* _TO DO_: When writing out the entries below, keep only the lines from the line with "We began the" to the line with "開關定位型氣壓棒BOL系列透", both included, exactly as they are, and leave the pictures aside.

(Collected data entries)
------

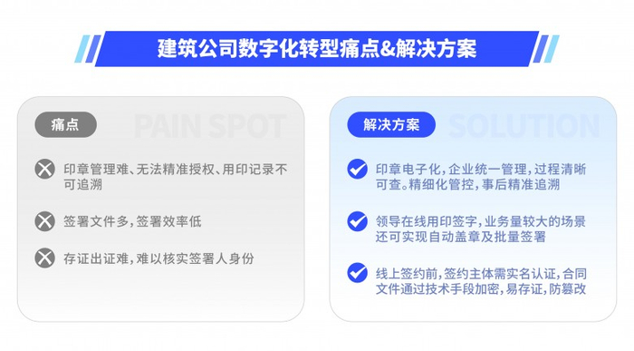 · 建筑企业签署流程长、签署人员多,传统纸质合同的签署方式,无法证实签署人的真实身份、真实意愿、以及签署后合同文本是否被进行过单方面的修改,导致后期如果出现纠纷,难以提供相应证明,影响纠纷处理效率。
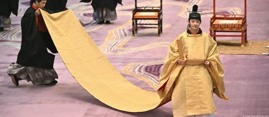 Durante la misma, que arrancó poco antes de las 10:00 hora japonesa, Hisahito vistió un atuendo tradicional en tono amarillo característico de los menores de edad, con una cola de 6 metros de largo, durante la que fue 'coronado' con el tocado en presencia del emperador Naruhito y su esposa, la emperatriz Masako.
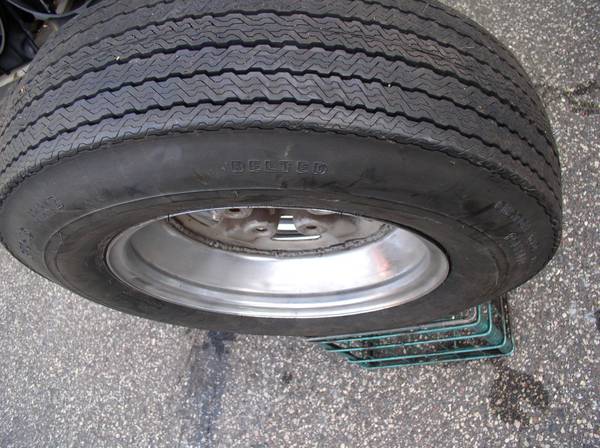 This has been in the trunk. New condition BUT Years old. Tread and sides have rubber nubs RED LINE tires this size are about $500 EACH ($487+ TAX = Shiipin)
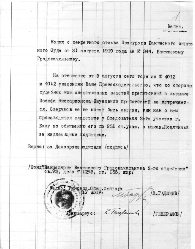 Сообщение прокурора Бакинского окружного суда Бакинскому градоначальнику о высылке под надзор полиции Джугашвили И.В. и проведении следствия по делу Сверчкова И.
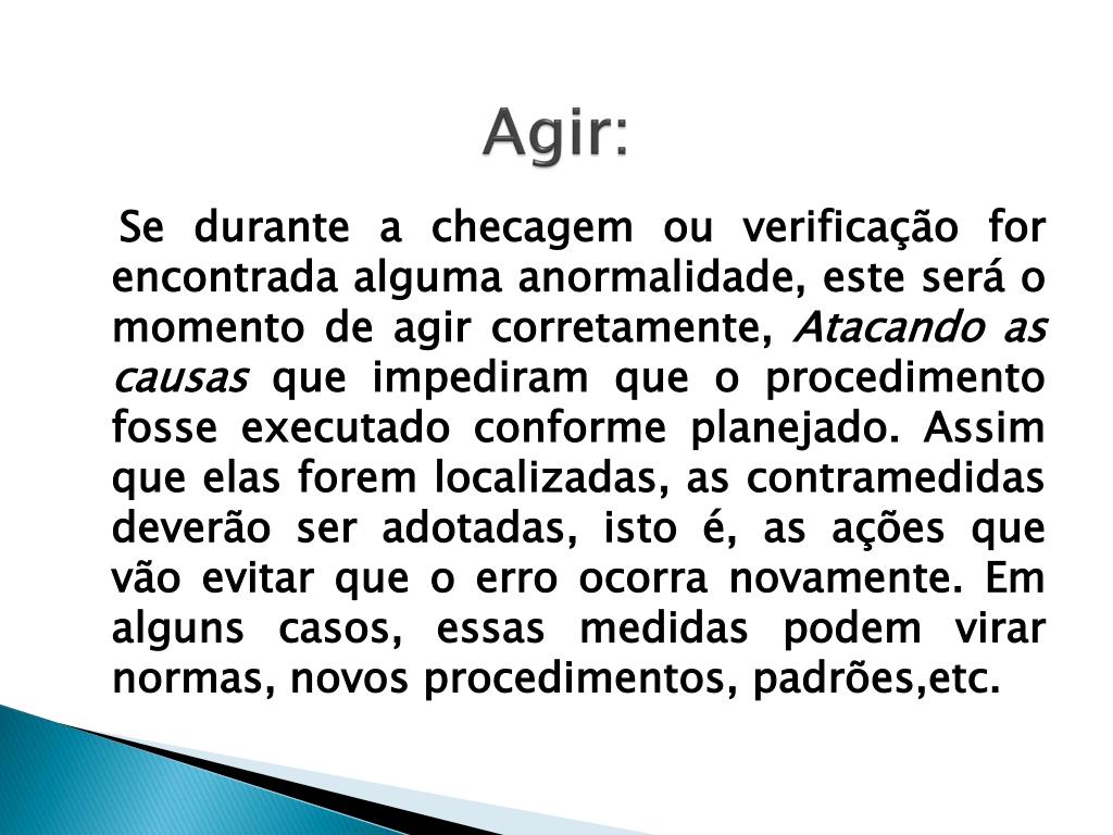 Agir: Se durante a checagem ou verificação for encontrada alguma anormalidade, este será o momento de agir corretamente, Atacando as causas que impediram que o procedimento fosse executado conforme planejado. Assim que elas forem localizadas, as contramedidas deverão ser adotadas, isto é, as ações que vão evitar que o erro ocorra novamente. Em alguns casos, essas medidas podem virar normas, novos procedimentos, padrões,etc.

------

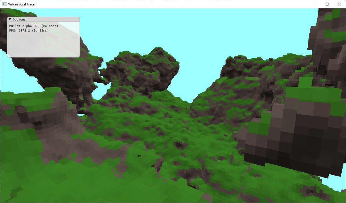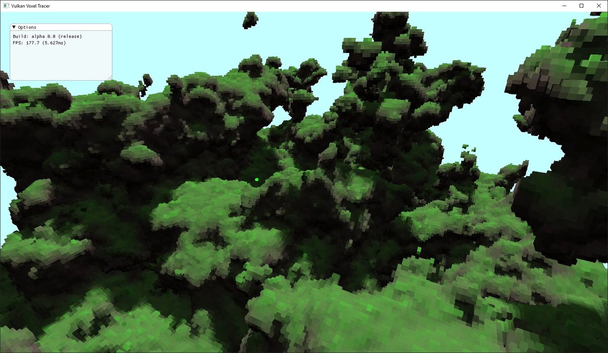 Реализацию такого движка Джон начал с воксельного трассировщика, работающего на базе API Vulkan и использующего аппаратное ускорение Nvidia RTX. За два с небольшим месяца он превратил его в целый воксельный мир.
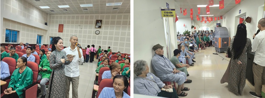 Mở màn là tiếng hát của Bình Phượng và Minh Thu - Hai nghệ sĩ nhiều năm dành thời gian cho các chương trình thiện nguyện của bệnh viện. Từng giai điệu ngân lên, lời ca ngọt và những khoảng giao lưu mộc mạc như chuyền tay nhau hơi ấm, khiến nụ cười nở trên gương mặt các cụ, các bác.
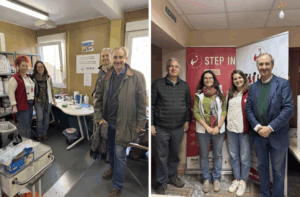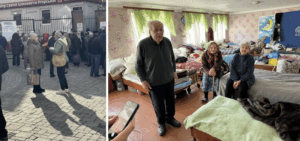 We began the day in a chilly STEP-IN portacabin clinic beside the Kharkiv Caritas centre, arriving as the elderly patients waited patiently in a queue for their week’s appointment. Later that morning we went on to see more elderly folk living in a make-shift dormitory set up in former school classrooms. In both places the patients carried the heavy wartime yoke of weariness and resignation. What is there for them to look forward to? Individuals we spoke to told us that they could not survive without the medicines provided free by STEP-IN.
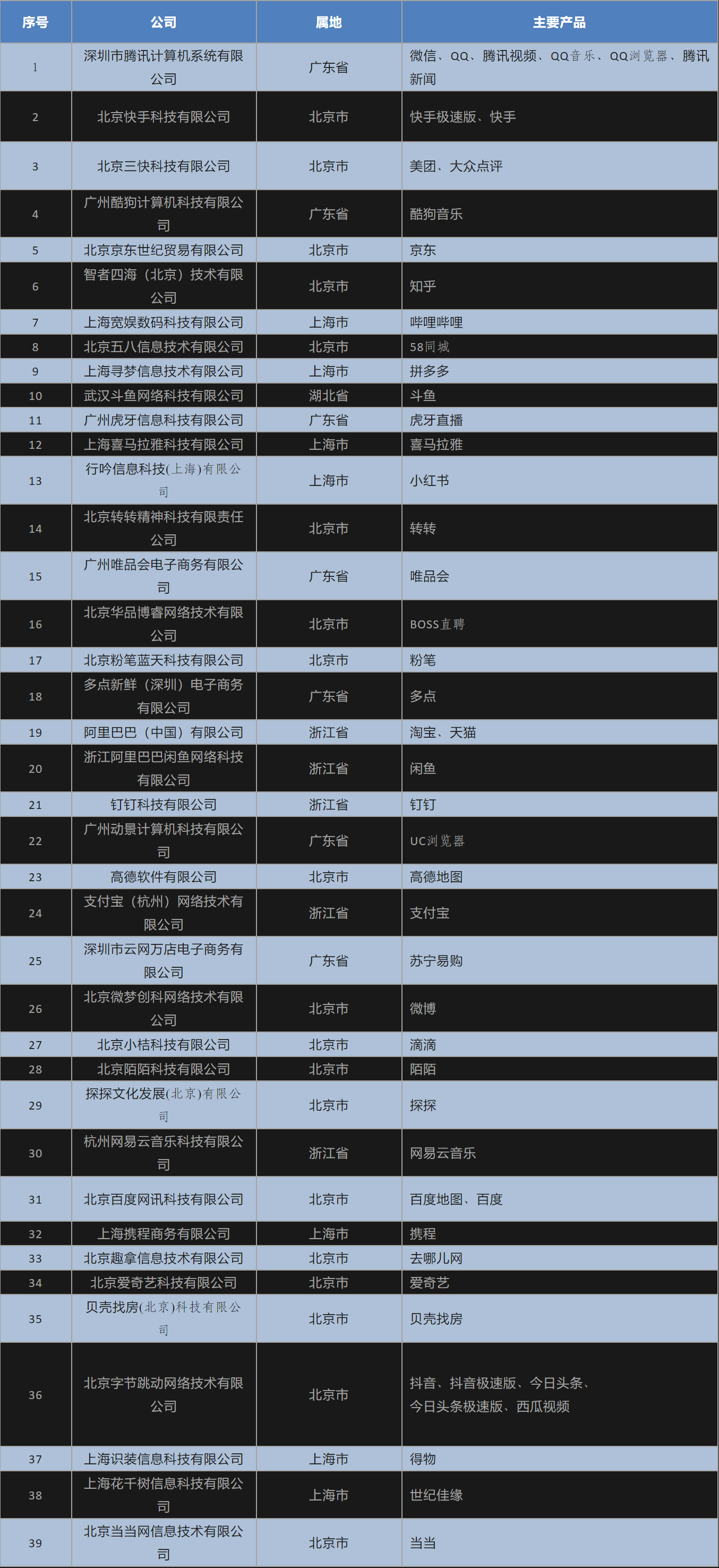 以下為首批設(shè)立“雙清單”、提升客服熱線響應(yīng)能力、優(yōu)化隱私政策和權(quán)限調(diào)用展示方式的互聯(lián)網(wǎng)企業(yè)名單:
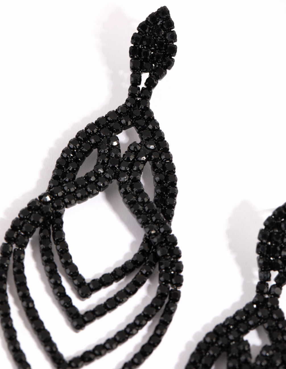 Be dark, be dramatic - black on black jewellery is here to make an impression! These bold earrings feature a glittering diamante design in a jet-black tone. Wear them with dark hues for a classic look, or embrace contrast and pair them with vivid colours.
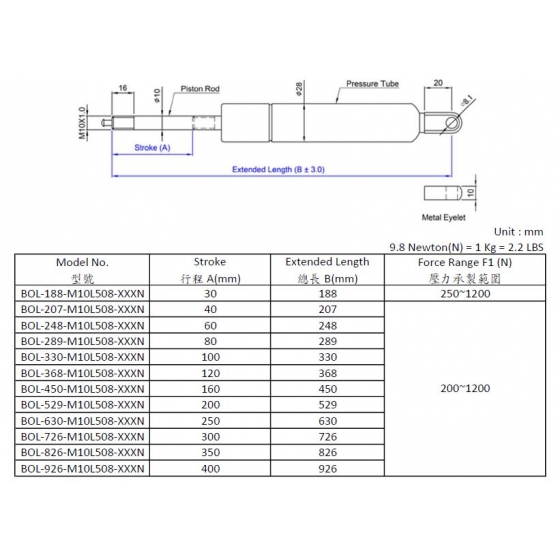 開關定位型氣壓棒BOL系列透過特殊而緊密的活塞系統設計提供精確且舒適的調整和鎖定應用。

------

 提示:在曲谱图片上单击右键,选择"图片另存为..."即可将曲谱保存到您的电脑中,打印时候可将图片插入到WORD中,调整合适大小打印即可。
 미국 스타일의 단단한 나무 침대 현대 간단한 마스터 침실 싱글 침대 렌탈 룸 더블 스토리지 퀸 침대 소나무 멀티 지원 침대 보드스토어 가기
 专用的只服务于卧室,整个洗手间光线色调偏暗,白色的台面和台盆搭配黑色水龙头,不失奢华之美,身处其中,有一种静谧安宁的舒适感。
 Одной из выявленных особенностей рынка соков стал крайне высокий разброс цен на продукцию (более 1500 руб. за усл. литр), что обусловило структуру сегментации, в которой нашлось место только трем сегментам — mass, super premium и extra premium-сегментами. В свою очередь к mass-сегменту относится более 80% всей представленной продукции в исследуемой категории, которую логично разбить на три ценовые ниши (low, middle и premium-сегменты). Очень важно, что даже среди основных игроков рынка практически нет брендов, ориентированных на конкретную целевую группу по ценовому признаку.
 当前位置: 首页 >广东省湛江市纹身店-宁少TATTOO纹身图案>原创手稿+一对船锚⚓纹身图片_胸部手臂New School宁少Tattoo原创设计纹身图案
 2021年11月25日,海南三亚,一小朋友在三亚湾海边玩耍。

------

* _FINAL ANSWER_:
 We began the day in a chilly STEP-IN portacabin clinic beside the Kharkiv Caritas centre, arriving as the elderly patients waited patiently in a queue for their week’s appointment. Later that morning we went on to see more elderly folk living in a make-shift dormitory set up in former school classrooms. In both places the patients carried the heavy wartime yoke of weariness and resignation. What is there for them to look forward to? Individuals we spoke to told us that they could not survive without the medicines provided free by STEP-IN.
 以下為首批設(shè)立“雙清單”、提升客服熱線響應(yīng)能力、優(yōu)化隱私政策和權(quán)限調(diào)用展示方式的互聯(lián)網(wǎng)企業(yè)名單:
 Be dark, be dramatic - black on black jewellery is here to make an impression! These bold earrings feature a glittering diamante design in a jet-black tone. Wear them with dark hues for a classic look, or embrace contrast and pair them with vivid colours.
 開關定位型氣壓棒BOL系列透過特殊而緊密的活塞系統設計提供精確且舒適的調整和鎖定應用。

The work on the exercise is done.